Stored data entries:
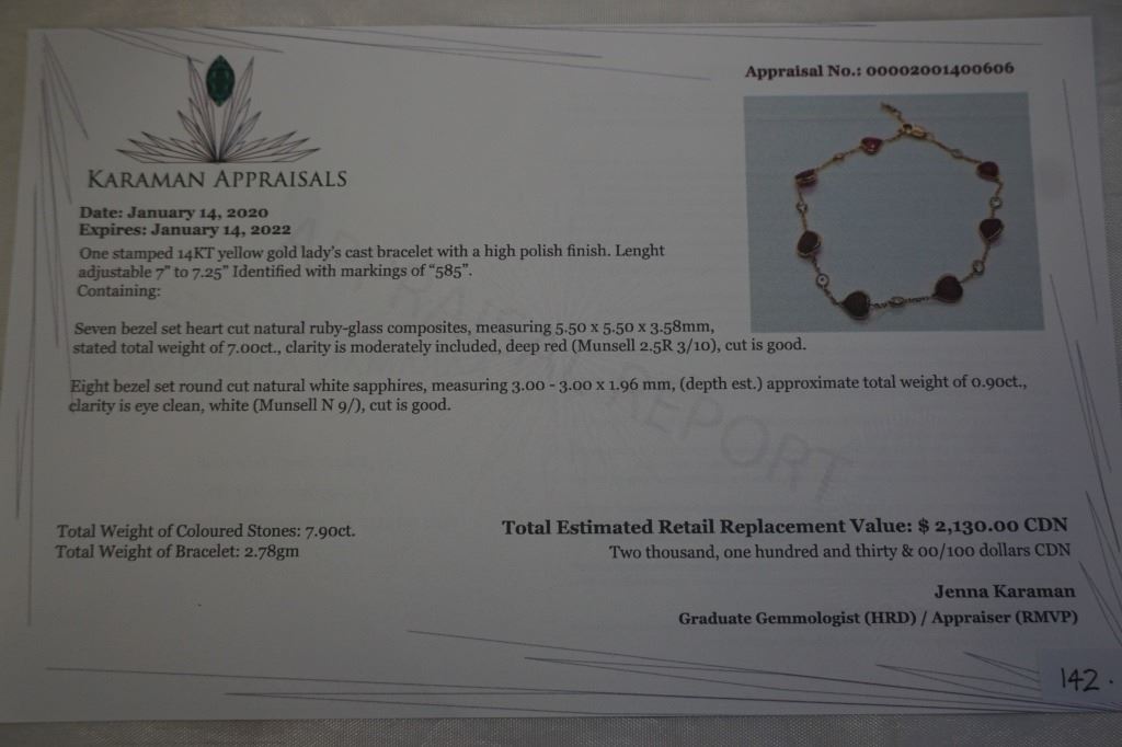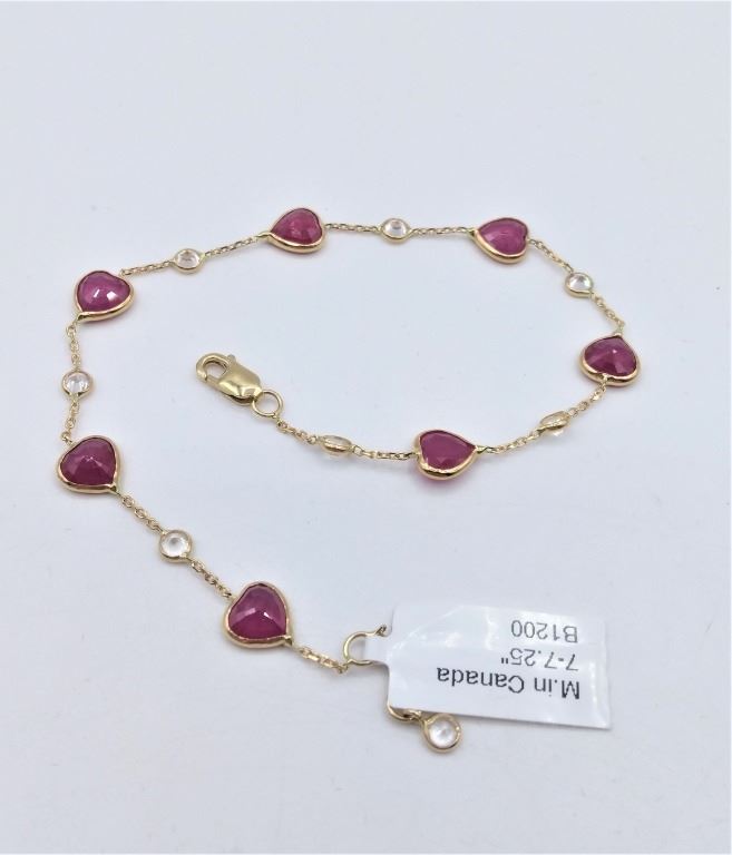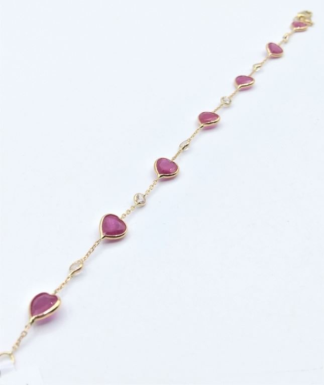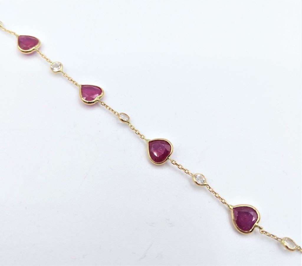 14KT YELLOW GOLD NATURAL RUBY AND WHITE SAPPHIRE HEART BRACELET W/ APPRAISAL $2130 - 7CTS RUBY
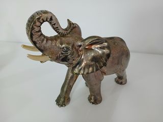 Elegante statua di elefante in lamina d'argento, con un design vintage che aggiunge un tocco di classe. - Materiale: Lamina d'argento - Stile: Vintage Statua Scultura Elefante Vintage in Argento Laminato Portafortuna 30 cm In condizioni come da foto
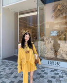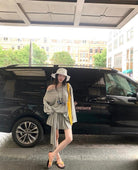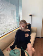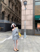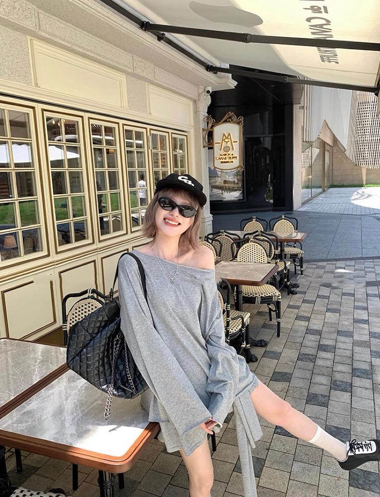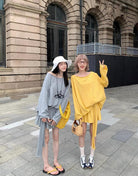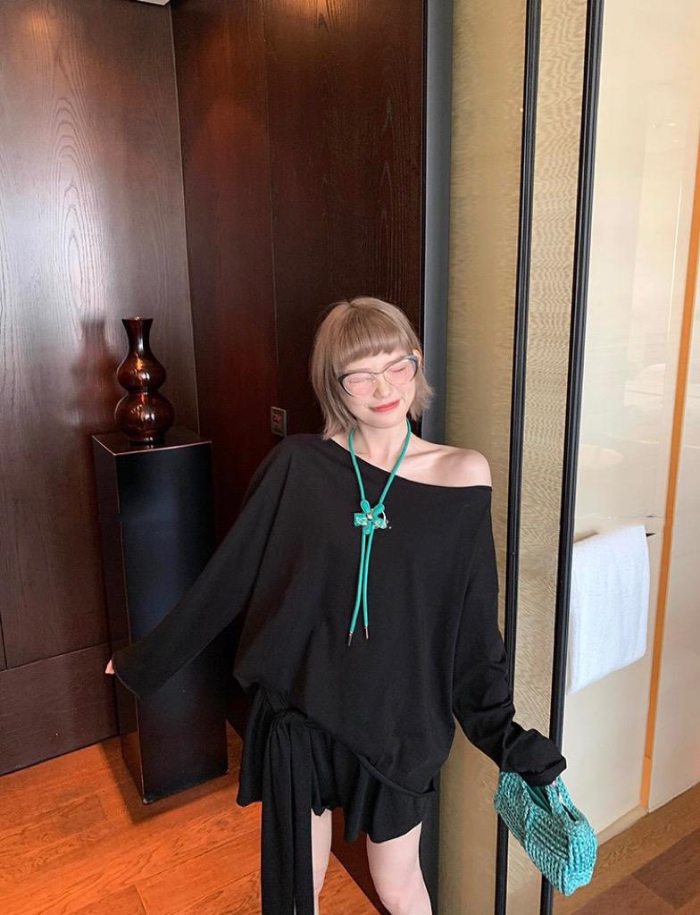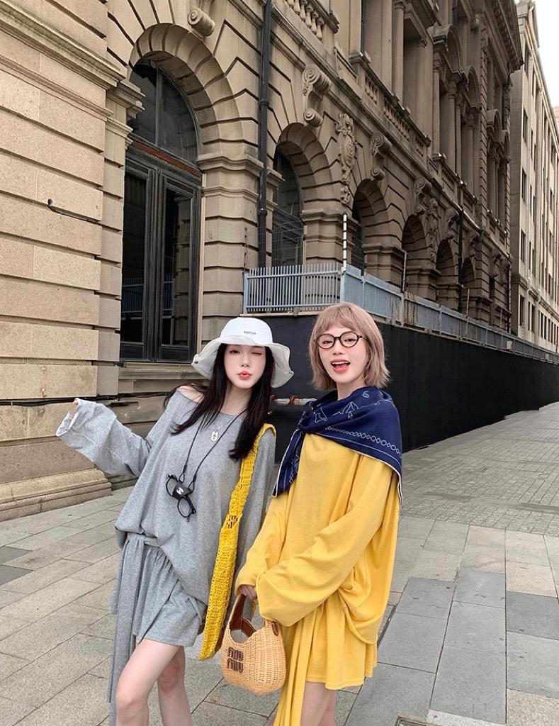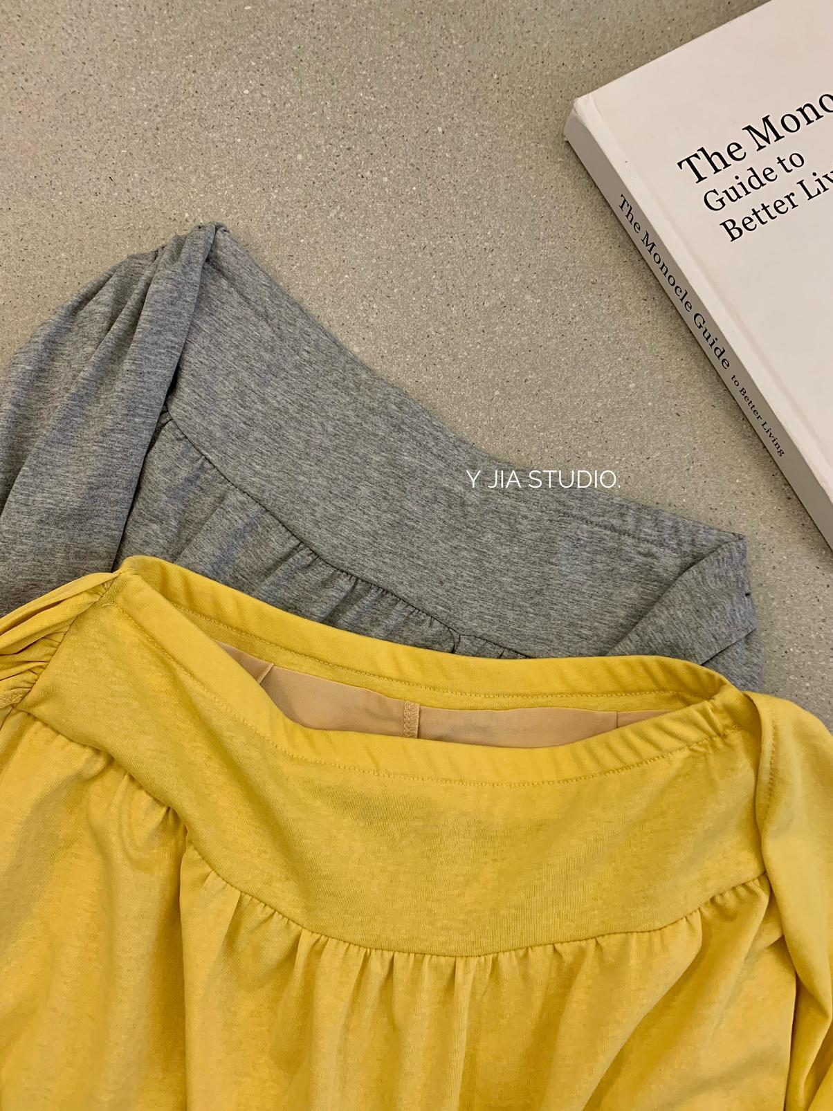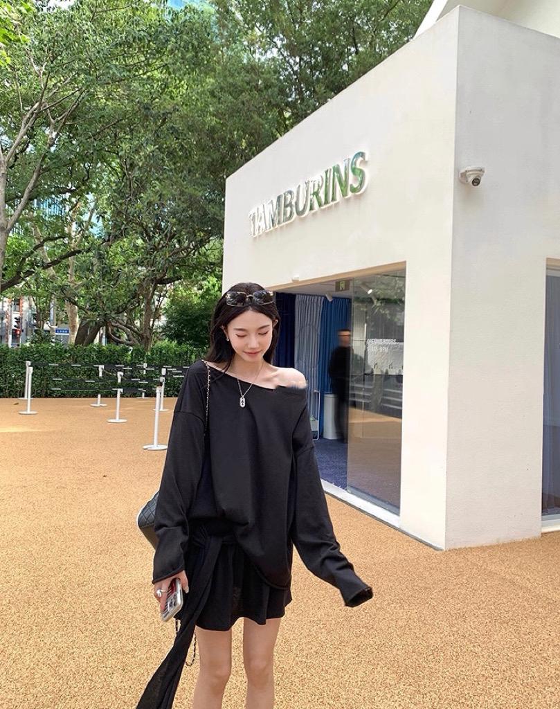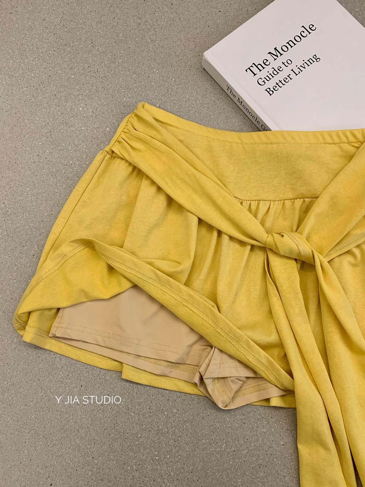 【C6904】小衆慵懶寬鬆辣妹風長袖T恤+設計感綁帶百褶半裙套裝
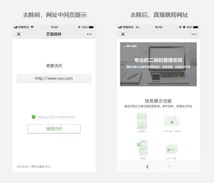 购买任意付费版本,自动去除账号下所有网址活码的中间页,直接跳转目标网址。
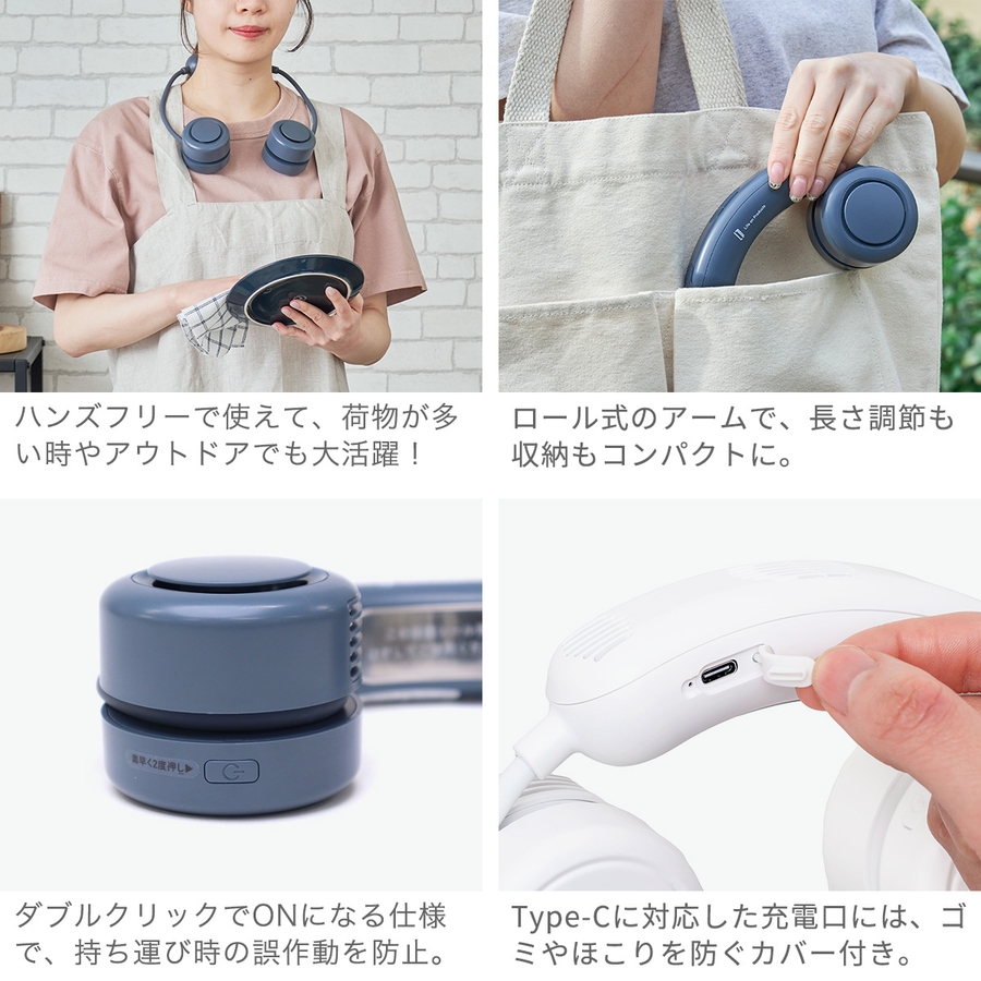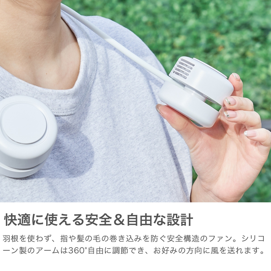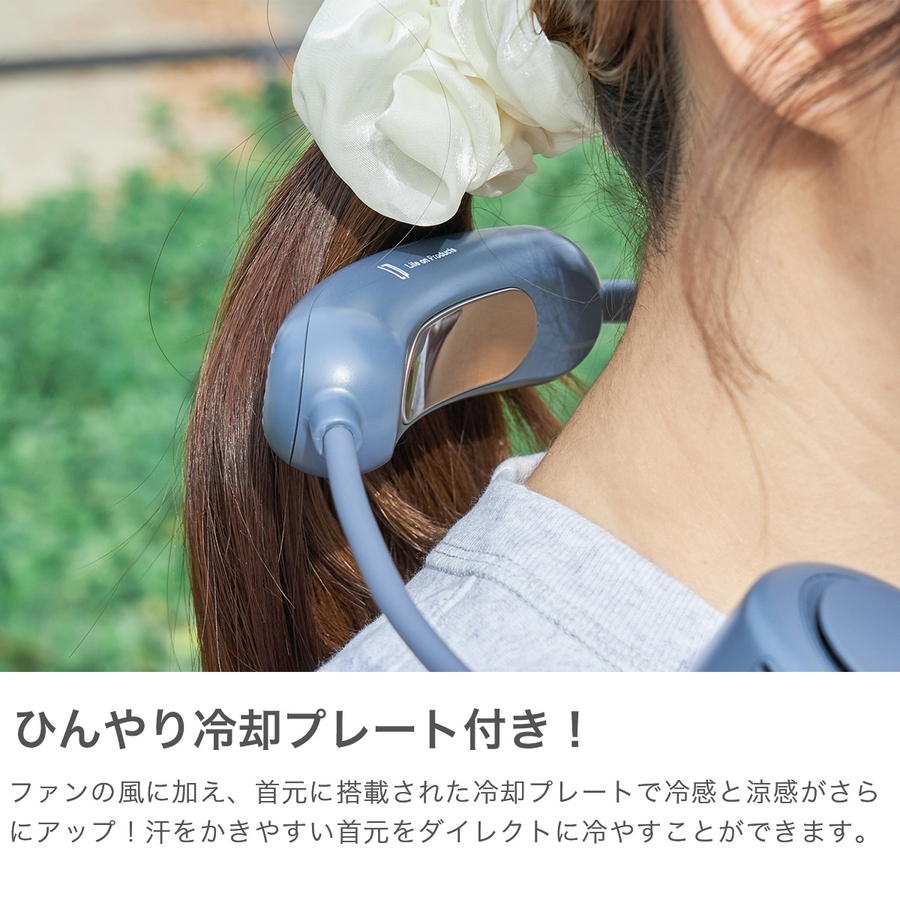 ハンズフリーで使える便利なネックファンに、冷却プレートを搭載!首のうしろをしっかり冷やせるため、ファンと併用すれば猛暑日でも汗が引くような気持ちよさが体感できます。USB充電式&アームの長さを調節できる仕様で、家族やパートナーとの共用にも便利。コンパクトに持ち運びでき、フェスやアウトドアでも大活躍します。
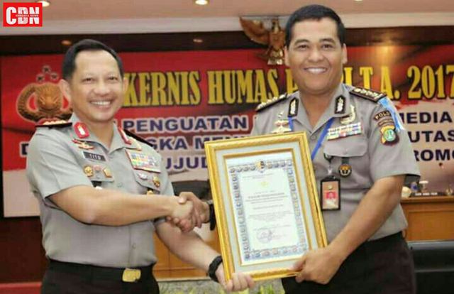 Penghargaan yang diterima Kadiv Humas Polda Metro Jaya ini, karena aktif dalam diseminasi ke media mainstream, memberikan laporan inovasi tepat waktu, dan juga telah berhasil meningkatkan reputasi kepolisian untuk mewujudkan Polri yang promoter.

◆ Exercise ◆
Once the pictures are set aside, write out each record exactly.

◆ The answer ◆
 14KT YELLOW GOLD NATURAL RUBY AND WHITE SAPPHIRE HEART BRACELET W/ APPRAISAL $2130 - 7CTS RUBY
 Elegante statua di elefante in lamina d'argento, con un design vintage che aggiunge un tocco di classe. - Materiale: Lamina d'argento - Stile: Vintage Statua Scultura Elefante Vintage in Argento Laminato Portafortuna 30 cm In condizioni come da foto
 【C6904】小衆慵懶寬鬆辣妹風長袖T恤+設計感綁帶百褶半裙套裝
 购买任意付费版本,自动去除账号下所有网址活码的中间页,直接跳转目标网址。
 ハンズフリーで使える便利なネックファンに、冷却プレートを搭載!首のうしろをしっかり冷やせるため、ファンと併用すれば猛暑日でも汗が引くような気持ちよさが体感できます。USB充電式&アームの長さを調節できる仕様で、家族やパートナーとの共用にも便利。コンパクトに持ち運びでき、フェスやアウトドアでも大活躍します。
 Penghargaan yang diterima Kadiv Humas Polda Metro Jaya ini, karena aktif dalam diseminasi ke media mainstream, memberikan laporan inovasi tepat waktu, dan juga telah berhasil meningkatkan reputasi kepolisian untuk mewujudkan Polri yang promoter.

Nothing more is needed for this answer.